Rank reversal aversion inhibits redistribution across societies | Nature Magazine, Human Behaviour

Picture not part of the original article, I just thought it was an amusing match.

 

“Income inequality is pervasive despite evidence of inequality-averse social preferences. We show that people will sometimes support inequality to avoid reversing the rank of others in society. Using a third-party dictator game that we call the redistribution game, we found that people sometimes choose more unequal outcomes to preserve existing hierarchies. When a proposed transfer reversed pre-existing income rankings, adults across cultures were twice as likely to reject the transfer. Running the same experimental game in a society of nomadic Tibetan herders with a low level of market integration, we observed an exceptionally high aversion to rank reversals. In children, we found that inequality aversion develops between the ages of four and five, as shown in previous studies, whereas rank reversal aversion develops between the ages of six and seven. Just as some animal species develop stable pecking orders to reduce in-group violence, human aversion to reversing rank is observed at an early age and across cultures.”

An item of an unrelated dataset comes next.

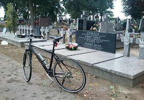 Skręcam w centralną alejkę, która prowadzi na zachód cmentarza. Po jej lewej stronie ustawiony jest grobowiec Rodziny Gromek. Jest to pomnik z czarnego, błyszczącego marmuru, z medalionem Chrystusa na krzyżu i porcelanową fotografią zmarłego.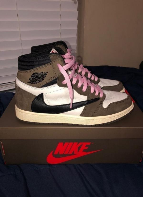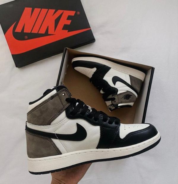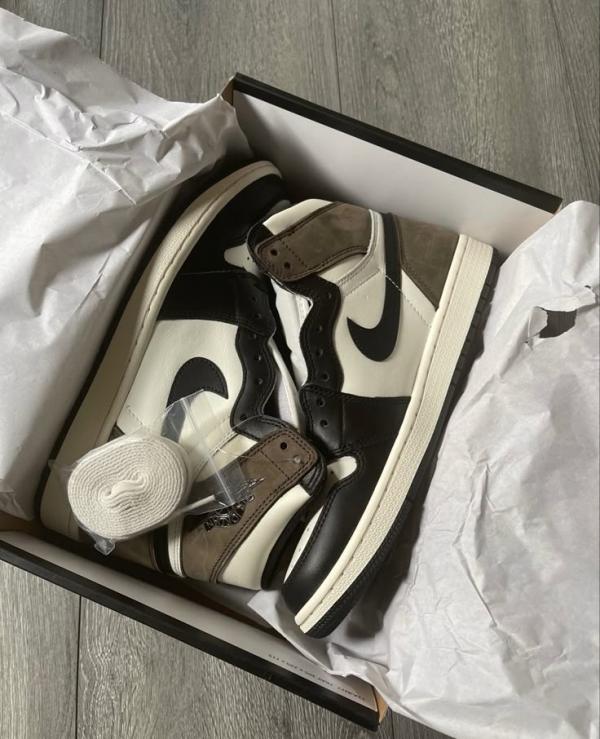 The Air Jordan 1 Retro High OG 'Dark Mocha' features a distinctive palette that calls to mind Travis Scott's highly coveted Air Jordan 1 collaboration from 2019. The upper features an off-white leather base with contrasting black leather overlays on the eyestay and toe. Brown nubuck is utilized on the heel overlay and collar flap, accented with a classic Wings logo on the lateral side. A leather tag with Nike Air branding adorns the nylon tongue.

Source: Rank reversal aversion inhibits redistribution across societies | Nature Human Behaviour

A-HA! Amazing isn’t it? Not surprising though. Have you considered how much of human interaction seems to be based on assessing one’s own (and others’) place in the hierarchy? Questions as basic as where are you from or what do you do lead to a calculation (that we might not even be conscious we’re making when we ask them.)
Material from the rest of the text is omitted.